Tai-Pan by James Clavell

Tai-Pan by James Clavell

Author:James Clavell
Format: mobi, epub
Tags: Fiction - General, Fiction, General
ISBN: 9780385292184
Publisher: Dell Publishing
Published: 1983-04-13T20:00:00+00:00


CHAPTER EIGHTEEN

* * *

Longstaff had his back to the door and was staring out the main cabin windows at the mail packet. Struan noticed that the dining table was set for four. On the desk were many official dispatches. “Morning, Will.”

“Hello, Dirk.” Longstaff turned and stuck out his hand, and Struan saw that he looked younger than he had for months. “Well, this is curious, isn’t it?”

“What?” Struan asked, knowing that it must be the Russian. But he let Longstaff have the pleasure of telling him. Too, he wanted to hear Longstaff’s evaluation, for though Longstaff was out of his depth in Asia and useless as Captain Superintendent of Trade, Struan knew Longstaff’s views on European diplomatic affairs to be incisive and extremely knowledgeable.

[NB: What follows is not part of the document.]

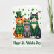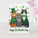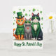 Designed with three stylish, humanlike cats lined up across a white background, this St. Patrick’s Day scene is sprinkled with floating green shamrocks ☘️. On the left, an orange tabby in an emerald top hat with a gold buckle and tiny shamrock stands in a cozy green knit sweater, its bright green eyes turned toward the others like it’s in on the joke. In the center, a smooth grey cat wears neon green sunglasses, and a small red heart emblem near its chest adds a gentle, affectionate touch. On the right, a black-and-white tuxedo cat wears a green suit jacket with gold buttons, a white shirt, and a green bow tie, leaning into the group’s friendly, dressed-up mood 💚. The overall lighting stays soft and even, keeping the cats and shamrocks crisp against the white space. Any greeting text would sit neatly above the trio in green, with a shorter line below in matching green to balance the layout. Around their hats and shoulders, the shamrocks drift like confetti, with a few scattered near the top corners and along the sides.

Ever since Struan had settled the immediate problem of Aristotle and had seen Robb take him aboard safely, he had puzzled over the reason for the Russian’s arrival. He found it strangely unsettling but did not know why.

“You won’t have heard yet, but we’ve an uninvited guest.”

“Oh, who?”

“An archduke, no less. A Russian archduke, Alexi Zergeyev. He came on the mail packet.”

Struan was suitably impressed. “Why should we be ‘honored’ here in Asia?”

“Why, indeed?” Longstaff rubbed his hands together happily. “He’s joining us for lunch. Clive’s escorting him.”

Clive Monsey was Longstaff’s deputy captain superintendent of trade, a civil servant by profession and, like Longstaff, a Foreign Office appointee. Normally Monsey’s duties kept him at Macao, where Longstaff maintained his permanent headquarters.

“There are some interesting dispatches too,” Longstaff was saying, and Struan’s interest heightened. He knew that none would contain the formal approval of the Treaty of Chuenpi and the appointment of Longstaff as the first governor of the Colony of Hong Kong, because the news of the successful conclusion of the war would just be reaching England.

Struan accepted the sherry. “The Middle East?” he asked and held his breath.

“Yes. The crisis is over, thank God! France accepted the Foreign Secretary’s settlement, and there’s no longer any fear of general war. The Turkish sultan’s so grateful for our support that he’s signed a commercial treaty with us canceling all Turkish trade monopolies, throwing open the whole Ottoman Empire to British trade.”

Struan let out a yell. “By all that’s holy! That’s the best news we’ve had in many a long day!”

“I thought you’d be pleased,” Longstaff said.

The longstanding crisis had to do with the Dardanelles, the strait that was controlled by the Turkish Ottoman Empire. It was the key to Mediterranean Europe and a perpetual casus belli among the Great Powers—Britain, France, Russia, Austro-Hungary, and Prussia—because the Dardanelles was a shortcut for Russian warships to enter the vital Mediterranean, and also for warships of other nations to enter the Black Sea and threaten the weak underbelly of Russia. Eight years ago Russia had compelled Turkey to sign a treaty which gave Russia joint suzerainty over the Dardanelles, and international tension had been acute ever since. Then, three years ago, Mehemet Ali, the French-supported upstart soldier-pasha of Egypt, had launched an attack on Constantinople, proclaiming himself Caliph of the Ottoman Empire.